It's Mother's Day, and so I feel that I should share a story of my Mother, and describe one event that explains in graphic detail the tribulations this poor woman faced while raising myself and the three other fine specimens, which were known as my siblings. As you read, it is worth noting that this was just one day, and while this event was noteworthy enough for me to remember it some thirty-eight (or so) years later, it was simply one in a seemingly unending series of similar events that would have challenged the resolve of scores of lesser people. Seriously. Bowie and Travis and the men who held The Alamo would have withered like delicate flowers under the relentless onslaught of infantile trauma that we continuously threw at this one stalwart Mom. She was the Gibraltar that stood within the warm sea of raging kid blood and tears.
It was a very good thing for our continued survival that our Mom was a nurse.
THE WINGED MENACE OF GLENDALE
Or, “How I found out that I wasn’t allergic to Hornet stings”
Our family of six lived, for a time, in a large old farmhouse in the Village of Glendale, one of six villages in the small New England town of Burrillville, in the northern part of Rhode Island. The house, a grand old lady, painted white, stood on Main Street, which was pretty much the only street, featuring a few houses, a Methodist church, and a Post Office at the bottom of the hill. It was the early Seventies, in late spring or summer, and the kids of the neighborhood – there seemed to be many of us for such a small street – were out enjoying the good weather.
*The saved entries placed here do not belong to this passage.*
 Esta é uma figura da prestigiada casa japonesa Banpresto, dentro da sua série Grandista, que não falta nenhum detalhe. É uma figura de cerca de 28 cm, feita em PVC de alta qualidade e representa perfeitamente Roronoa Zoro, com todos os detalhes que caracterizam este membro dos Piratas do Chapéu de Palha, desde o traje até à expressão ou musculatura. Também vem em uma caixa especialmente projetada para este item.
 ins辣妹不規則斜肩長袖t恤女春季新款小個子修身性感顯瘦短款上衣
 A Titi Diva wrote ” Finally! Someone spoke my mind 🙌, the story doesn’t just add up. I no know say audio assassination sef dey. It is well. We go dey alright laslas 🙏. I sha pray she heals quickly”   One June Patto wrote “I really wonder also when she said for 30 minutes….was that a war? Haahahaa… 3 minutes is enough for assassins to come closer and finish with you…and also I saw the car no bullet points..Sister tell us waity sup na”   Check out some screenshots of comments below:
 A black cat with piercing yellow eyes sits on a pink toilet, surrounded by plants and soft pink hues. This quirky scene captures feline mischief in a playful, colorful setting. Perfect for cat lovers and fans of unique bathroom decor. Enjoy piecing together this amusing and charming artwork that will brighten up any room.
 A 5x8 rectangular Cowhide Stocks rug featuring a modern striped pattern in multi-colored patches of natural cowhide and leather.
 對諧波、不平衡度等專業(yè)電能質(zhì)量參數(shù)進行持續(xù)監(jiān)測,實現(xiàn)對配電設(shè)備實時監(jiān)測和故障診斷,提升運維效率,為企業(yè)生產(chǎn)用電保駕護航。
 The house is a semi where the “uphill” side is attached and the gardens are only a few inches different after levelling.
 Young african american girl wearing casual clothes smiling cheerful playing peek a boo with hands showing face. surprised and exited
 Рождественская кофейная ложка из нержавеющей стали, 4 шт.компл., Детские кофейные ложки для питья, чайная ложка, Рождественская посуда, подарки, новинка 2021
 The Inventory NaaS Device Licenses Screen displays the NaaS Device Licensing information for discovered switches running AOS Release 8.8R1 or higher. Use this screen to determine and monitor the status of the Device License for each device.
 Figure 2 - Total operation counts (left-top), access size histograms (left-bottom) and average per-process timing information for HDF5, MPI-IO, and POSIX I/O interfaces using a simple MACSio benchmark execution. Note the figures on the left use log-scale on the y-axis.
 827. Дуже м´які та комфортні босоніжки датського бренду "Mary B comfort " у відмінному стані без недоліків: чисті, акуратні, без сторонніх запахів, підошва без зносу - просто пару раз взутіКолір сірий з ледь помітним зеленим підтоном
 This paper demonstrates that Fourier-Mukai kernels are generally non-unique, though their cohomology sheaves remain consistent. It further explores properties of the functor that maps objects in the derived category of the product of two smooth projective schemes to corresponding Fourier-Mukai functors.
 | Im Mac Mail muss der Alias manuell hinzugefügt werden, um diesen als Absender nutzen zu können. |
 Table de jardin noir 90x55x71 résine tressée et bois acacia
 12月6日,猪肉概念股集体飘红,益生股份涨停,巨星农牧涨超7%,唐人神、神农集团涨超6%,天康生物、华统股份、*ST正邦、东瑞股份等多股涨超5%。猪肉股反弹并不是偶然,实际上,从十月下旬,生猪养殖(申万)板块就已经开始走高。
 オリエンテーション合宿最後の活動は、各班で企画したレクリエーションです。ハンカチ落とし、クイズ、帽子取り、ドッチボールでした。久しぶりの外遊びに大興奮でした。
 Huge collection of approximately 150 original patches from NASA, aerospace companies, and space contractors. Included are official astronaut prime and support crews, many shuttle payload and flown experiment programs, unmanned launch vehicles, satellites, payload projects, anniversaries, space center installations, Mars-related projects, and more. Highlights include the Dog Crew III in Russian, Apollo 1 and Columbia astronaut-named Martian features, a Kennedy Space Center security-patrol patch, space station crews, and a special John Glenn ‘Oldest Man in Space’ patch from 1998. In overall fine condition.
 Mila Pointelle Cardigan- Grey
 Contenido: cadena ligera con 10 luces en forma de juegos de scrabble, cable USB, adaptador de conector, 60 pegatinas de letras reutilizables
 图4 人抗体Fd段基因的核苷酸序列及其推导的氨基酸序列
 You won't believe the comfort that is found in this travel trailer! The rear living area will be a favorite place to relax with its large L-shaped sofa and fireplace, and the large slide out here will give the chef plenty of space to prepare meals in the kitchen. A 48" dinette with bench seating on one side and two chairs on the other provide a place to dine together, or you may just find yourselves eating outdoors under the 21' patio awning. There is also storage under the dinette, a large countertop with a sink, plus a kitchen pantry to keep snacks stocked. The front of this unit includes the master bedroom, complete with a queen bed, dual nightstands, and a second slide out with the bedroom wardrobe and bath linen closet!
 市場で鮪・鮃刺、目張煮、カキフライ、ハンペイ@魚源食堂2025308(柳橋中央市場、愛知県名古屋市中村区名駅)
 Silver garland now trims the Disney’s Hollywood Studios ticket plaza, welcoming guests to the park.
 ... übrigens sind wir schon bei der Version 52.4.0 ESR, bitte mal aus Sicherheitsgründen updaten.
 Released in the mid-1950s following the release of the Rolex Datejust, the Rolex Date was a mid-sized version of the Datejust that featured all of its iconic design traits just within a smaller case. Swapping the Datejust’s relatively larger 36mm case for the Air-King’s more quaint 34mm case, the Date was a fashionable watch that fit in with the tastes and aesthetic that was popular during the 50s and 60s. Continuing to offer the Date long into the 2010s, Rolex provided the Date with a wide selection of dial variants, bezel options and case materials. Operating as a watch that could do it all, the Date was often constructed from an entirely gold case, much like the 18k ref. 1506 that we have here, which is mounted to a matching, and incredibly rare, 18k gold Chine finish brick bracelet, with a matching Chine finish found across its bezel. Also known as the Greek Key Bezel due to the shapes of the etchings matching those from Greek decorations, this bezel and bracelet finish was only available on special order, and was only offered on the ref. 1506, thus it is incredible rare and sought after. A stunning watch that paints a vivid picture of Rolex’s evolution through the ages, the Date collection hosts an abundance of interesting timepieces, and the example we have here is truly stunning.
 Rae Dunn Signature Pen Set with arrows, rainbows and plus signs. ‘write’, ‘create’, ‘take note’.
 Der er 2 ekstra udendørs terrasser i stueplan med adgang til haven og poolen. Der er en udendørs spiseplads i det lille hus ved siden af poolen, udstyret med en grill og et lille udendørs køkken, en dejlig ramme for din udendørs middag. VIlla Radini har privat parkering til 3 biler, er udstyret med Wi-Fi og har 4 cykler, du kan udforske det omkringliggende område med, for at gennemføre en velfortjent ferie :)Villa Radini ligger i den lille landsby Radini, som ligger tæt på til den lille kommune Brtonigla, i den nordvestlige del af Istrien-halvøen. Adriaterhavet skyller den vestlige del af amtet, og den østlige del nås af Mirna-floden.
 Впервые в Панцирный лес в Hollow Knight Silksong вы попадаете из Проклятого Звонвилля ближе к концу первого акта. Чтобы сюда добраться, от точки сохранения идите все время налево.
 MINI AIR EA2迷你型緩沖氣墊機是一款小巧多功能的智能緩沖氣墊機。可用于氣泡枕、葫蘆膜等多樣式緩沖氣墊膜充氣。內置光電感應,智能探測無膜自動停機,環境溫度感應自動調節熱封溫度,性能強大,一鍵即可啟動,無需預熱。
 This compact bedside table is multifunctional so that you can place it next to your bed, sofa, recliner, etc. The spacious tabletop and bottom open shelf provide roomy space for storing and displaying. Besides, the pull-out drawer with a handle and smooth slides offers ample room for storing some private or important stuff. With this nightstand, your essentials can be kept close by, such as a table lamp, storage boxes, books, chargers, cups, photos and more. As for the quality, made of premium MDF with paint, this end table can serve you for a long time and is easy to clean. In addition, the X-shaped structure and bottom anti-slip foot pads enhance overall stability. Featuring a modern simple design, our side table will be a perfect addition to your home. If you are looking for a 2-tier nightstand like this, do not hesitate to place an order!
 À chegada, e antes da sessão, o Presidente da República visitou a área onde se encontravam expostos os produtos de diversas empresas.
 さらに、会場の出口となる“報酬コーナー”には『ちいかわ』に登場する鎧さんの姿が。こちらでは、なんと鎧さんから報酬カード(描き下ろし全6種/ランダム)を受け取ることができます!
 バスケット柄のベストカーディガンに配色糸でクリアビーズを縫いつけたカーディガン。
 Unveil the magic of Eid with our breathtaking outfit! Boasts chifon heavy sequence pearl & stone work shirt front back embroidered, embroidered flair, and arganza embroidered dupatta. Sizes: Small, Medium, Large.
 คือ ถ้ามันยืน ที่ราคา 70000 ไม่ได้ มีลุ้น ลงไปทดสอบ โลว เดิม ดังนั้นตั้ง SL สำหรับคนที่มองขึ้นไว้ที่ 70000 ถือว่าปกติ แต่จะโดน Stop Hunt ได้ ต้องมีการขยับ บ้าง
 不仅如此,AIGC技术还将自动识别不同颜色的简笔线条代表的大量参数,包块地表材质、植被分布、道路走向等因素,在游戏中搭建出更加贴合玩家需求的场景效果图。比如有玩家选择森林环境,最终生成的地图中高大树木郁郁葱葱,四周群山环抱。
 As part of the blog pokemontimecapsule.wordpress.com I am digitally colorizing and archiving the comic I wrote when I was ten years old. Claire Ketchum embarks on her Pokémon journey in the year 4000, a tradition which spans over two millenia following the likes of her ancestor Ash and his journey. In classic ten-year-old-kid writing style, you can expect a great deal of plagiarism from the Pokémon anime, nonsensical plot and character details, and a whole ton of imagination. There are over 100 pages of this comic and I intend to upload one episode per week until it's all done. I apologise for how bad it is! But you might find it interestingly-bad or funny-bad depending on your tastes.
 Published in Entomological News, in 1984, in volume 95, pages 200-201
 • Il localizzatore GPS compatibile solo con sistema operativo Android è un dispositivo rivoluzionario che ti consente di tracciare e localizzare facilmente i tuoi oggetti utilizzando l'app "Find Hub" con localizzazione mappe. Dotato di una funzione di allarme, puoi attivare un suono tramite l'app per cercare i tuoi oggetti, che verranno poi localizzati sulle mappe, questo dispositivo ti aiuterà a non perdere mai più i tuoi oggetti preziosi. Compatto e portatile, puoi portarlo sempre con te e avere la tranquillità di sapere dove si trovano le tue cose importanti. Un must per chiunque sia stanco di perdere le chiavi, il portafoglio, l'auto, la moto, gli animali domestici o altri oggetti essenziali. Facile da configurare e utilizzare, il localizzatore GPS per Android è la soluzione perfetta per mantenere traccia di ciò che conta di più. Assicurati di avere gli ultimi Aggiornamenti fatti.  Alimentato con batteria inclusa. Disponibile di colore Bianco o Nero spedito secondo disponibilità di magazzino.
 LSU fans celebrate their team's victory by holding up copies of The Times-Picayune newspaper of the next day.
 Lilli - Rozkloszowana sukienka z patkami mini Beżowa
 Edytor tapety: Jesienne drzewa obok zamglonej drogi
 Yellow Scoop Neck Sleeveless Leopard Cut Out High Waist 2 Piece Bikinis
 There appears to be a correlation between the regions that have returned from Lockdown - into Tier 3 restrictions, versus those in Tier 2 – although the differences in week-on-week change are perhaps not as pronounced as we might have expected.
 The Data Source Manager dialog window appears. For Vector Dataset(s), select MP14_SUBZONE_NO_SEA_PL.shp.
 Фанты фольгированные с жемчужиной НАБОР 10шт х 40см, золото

Somewhere far away, there was a war going on, but we were young and only vaguely aware of it, and too young to even know what it meant. On our street the kids ran wild from yard to yard, playing games, stomping on black widow spiders, and getting treats and glasses of milk or juice from the other houses we'd run into as if they were our own. If it was nice outside, the kids were all outside. There was no playing in the house on warm summer's day.
Our house had a porch that ran around on two sides, with a grand staircase at the back that led to a neat back yard with a small patio and detached garage. In one corner was the tree that the neighbor kid had fallen out of and broken his arm – consequently, we weren't allowed to climb this tree. In the center of our backyard was our swing set, the kind made out of hollow pipes that were attached with metal sheets and screws at the joints, and had a slide at one end, with a ladder leading up to it, and a see-saw at the opposite end. It was our redoubt, the place to which we would retreat when the other kids went home for naps, or to get their hair cut, or to eat sandwiches that the other Moms on the street would make that just weren't right.
Recently, however, our beloved swing set had been taken over by hornets. The hollow pipes that made up the frame of the beloved structure had little plastic end caps on them – designed, no doubt, to prevent exactly what had happened here – but, the plastic end cap was easily accessible if you climbed up on the slide, and would hold just the right amount of marbles, so it disappeared soon after Dad put the swing set together. Hornets, it seems, like to build their nests in sheltered spaces, like dark hollow logs, or metal tubes that resemble (to hornets) dark hollow logs that are made of metal and warm up nicely in the summer sun. We had a thriving colony of hornets in our favorite outdoor toy.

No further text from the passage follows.